And thirdly, matching each traffic sign template image in the traffic sign template image set with the corresponding traffic sign image in the traffic sign image set to obtain a traffic sign image sample pair set. The traffic sign template image and the traffic sign image can be labeled to determine unique identifiers corresponding to the traffic sign template image and the traffic sign image. Then, one traffic sign template image and one traffic sign image having the same unique identifier may be determined as a matching relationship. Finally, the matched traffic sign template image and the unique identifier corresponding to the traffic sign image can be determined as a sample label. And combining the matched traffic sign template image and the matched traffic sign image to be used as a traffic sign image sample pair.

And fourthly, generating the preprocessed training sample based on the traffic sign image sample pair set. The traffic sign image sample pairs that are not replaced randomly in the traffic sign image sample pair set can be taken out as the training samples after the and processing. Therefore, different traffic sign image samples can be taken out each time for carrying out the training of the traffic sign image recognition model.

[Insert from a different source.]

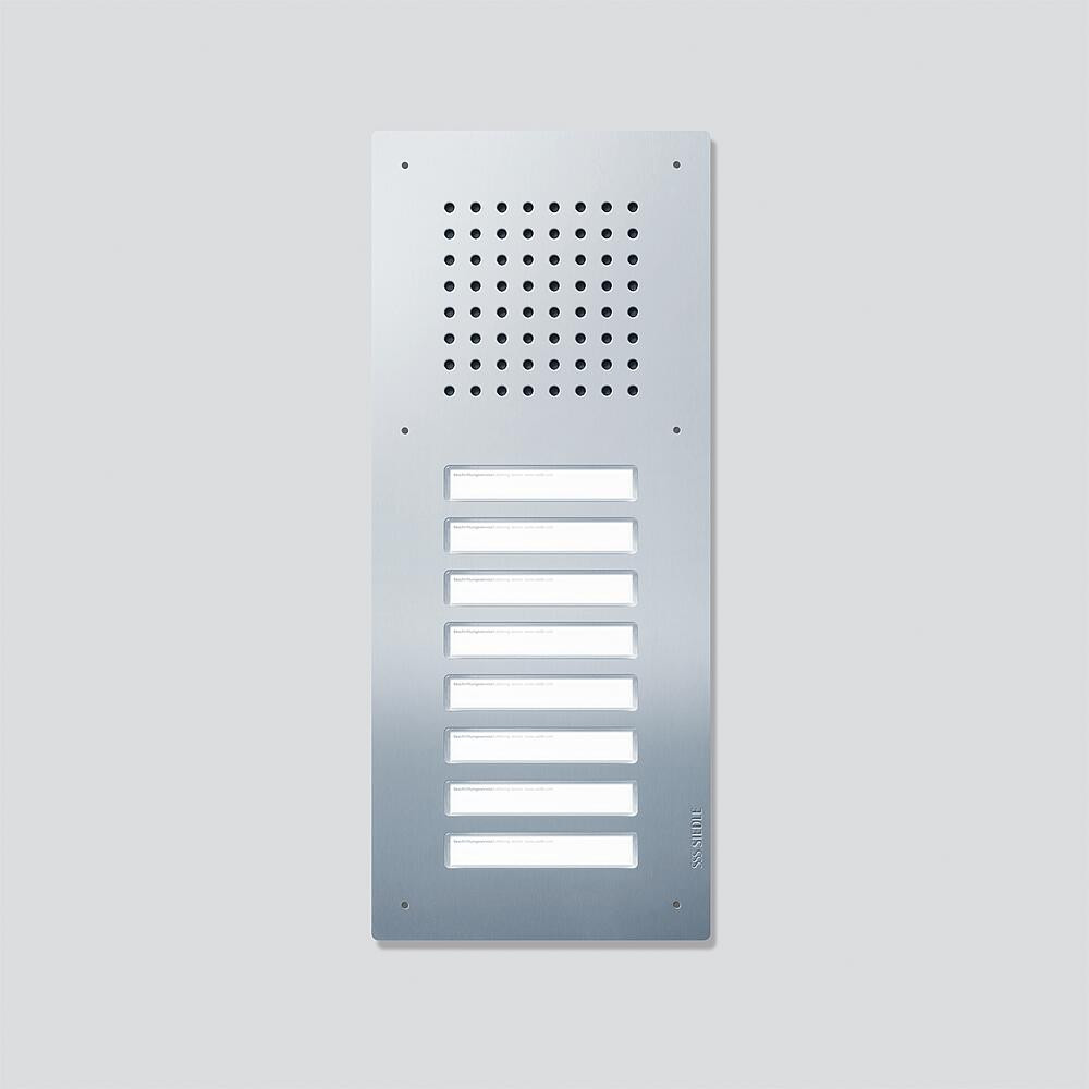 • 8 Ruftasten mit hinterleuchtetem Namensschild, frontseitig auswechselbar, akustische Rückmeldung beim Betätigen einer Ruftaste aktivierbar

In some optional implementation manners of some embodiments, the executing subject matches each traffic sign template image in the traffic sign template image set with a traffic sign image in the traffic sign image set to obtain a traffic sign image sample pair set, and may further include the following steps:

the method comprises the following steps of firstly, carrying out image annotation on each traffic sign template image in a traffic sign template image set and each traffic sign image in the traffic sign image set to obtain a template image annotation information set and a traffic sign image annotation information set. The image annotation can be the unique identifier for annotating the traffic sign template image and the traffic sign image. And determining the unique identification as template image labeling information and traffic sign image labeling information. The unique identifier may be used to characterize the traffic sign template image and the category and number of the traffic sign image.

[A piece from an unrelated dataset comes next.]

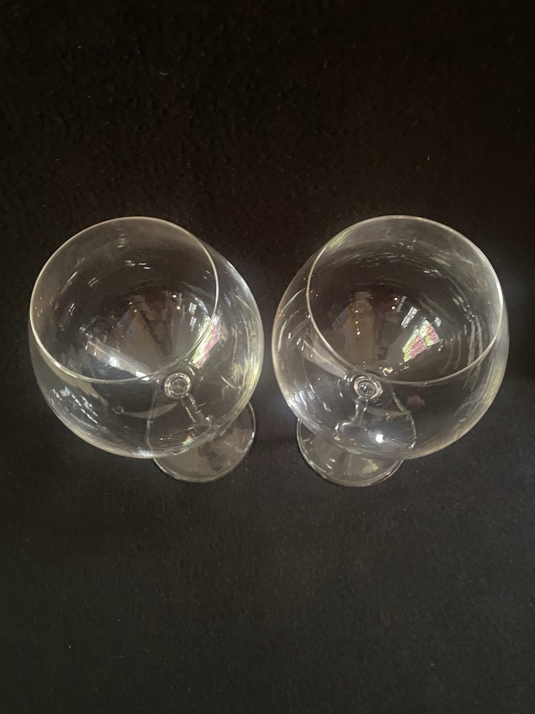 Set of 2 Marquis by Waterford beautiful balloon red wine glasses. I lovely condition. Add a touch of elegance to your wine experience with this Waterford Marquis Crystal set of two Balloon Wine Glasses. Crafted in Austria, these glasses are handmade and feature a contemporary style that is perfect for any occasion. The glasses have a capacity of 24 oz. and stand at 8.75 inches tall, with a diameter of 3 inches. The glasses are signed by Waterford and have a backstamp that is impressed into the crystal. They are a vintage item, but still in excellent condition. Whether you're a wine enthusiast or just looking for a special gift, these Waterford Marquis Crystal Balloon Wine Glasses are the perfect addition to your collection.

And secondly, carrying out image enhancement on each traffic sign template image in the traffic sign template image set and each traffic sign image in the traffic sign image set to obtain an enhanced traffic sign template image set and an enhanced traffic sign image set. This can improve the diversity of the traffic sign images. The traffic sign influenced by the natural environment in the actual natural scene can have better representation capability. Therefore, the identification accuracy of the traffic sign image identification model is improved.

As an example, the enhancement may be a range of angular rotations of the traffic sign image (e.g., [ -20 degrees, 20 degrees ]). It is also possible to zoom the traffic sign image. E.g. to between 20, 200 pixels.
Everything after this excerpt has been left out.